=== Records for the task ===
☆ ☆ ☆
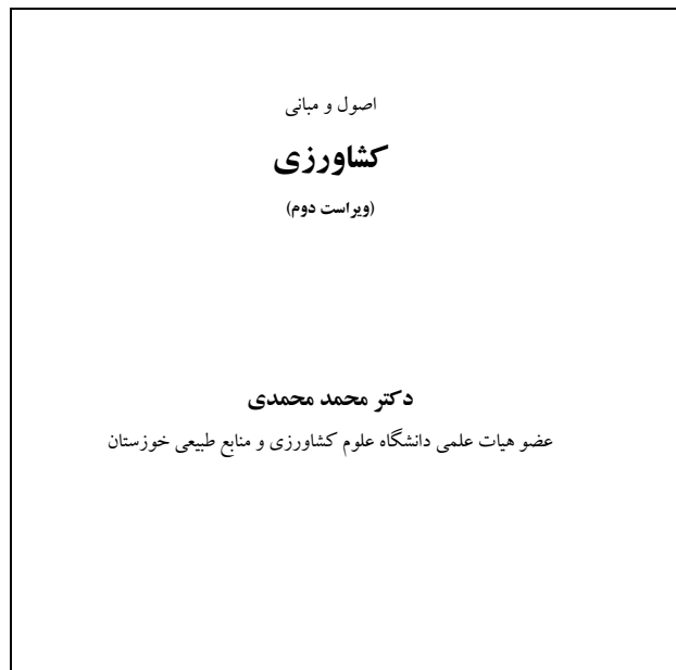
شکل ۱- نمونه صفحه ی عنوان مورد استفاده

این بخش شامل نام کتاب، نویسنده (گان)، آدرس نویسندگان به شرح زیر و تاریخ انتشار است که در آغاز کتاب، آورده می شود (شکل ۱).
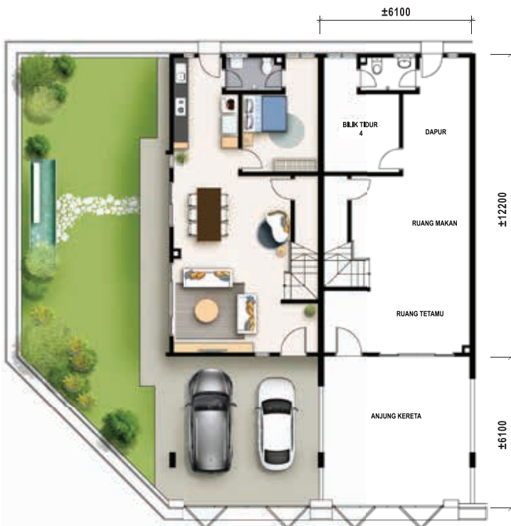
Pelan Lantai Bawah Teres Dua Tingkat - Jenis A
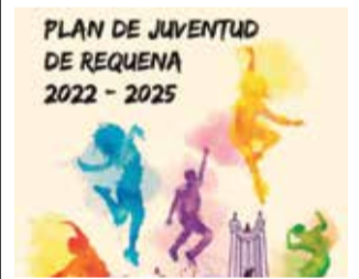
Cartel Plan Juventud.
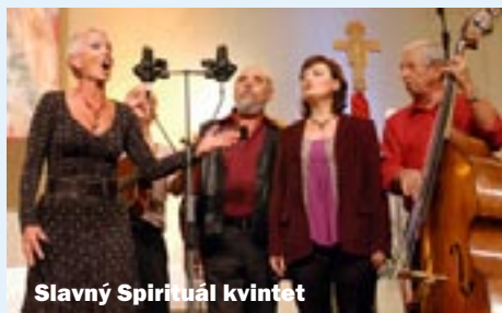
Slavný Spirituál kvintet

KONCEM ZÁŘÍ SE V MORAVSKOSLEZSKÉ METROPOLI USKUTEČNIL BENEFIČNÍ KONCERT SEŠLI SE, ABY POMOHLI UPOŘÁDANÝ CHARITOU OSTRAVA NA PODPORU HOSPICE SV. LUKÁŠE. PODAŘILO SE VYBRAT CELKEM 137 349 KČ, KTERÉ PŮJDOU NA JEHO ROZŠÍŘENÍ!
☆ ☆ ☆
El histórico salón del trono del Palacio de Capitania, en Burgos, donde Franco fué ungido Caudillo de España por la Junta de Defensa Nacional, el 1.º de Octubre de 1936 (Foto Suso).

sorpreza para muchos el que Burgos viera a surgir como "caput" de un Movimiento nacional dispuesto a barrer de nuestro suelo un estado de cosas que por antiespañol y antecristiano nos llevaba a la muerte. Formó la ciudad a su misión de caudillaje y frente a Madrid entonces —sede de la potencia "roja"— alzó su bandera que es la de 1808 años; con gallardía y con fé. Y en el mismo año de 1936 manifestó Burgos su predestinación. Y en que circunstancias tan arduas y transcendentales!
☆ ☆ ☆
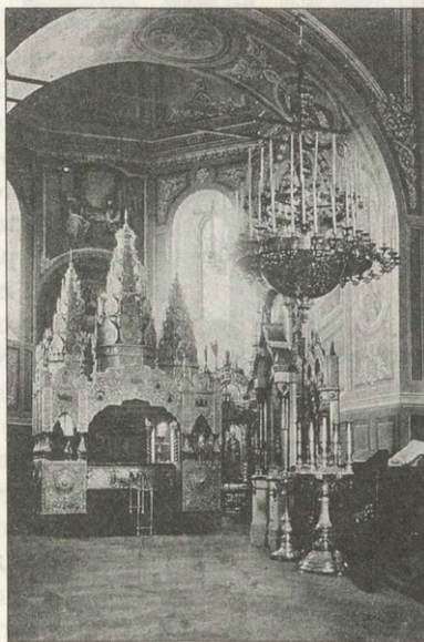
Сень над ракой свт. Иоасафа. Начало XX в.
☆ ☆ ☆
=== Task objective ===
Exactly reproduce the lines above, starting at the one that contains "Cartel Plan Juventud." and ending at the one that contains "KONCEM ZÁŘÍ SE", both inclusive; leave the pictures out and add no other lines.

=== Task solution ===
Cartel Plan Juventud.
Slavný Spirituál kvintet

KONCEM ZÁŘÍ SE V MORAVSKOSLEZSKÉ METROPOLI USKUTEČNIL BENEFIČNÍ KONCERT SEŠLI SE, ABY POMOHLI UPOŘÁDANÝ CHARITOU OSTRAVA NA PODPORU HOSPICE SV. LUKÁŠE. PODAŘILO SE VYBRAT CELKEM 137 349 KČ, KTERÉ PŮJDOU NA JEHO ROZŠÍŘENÍ!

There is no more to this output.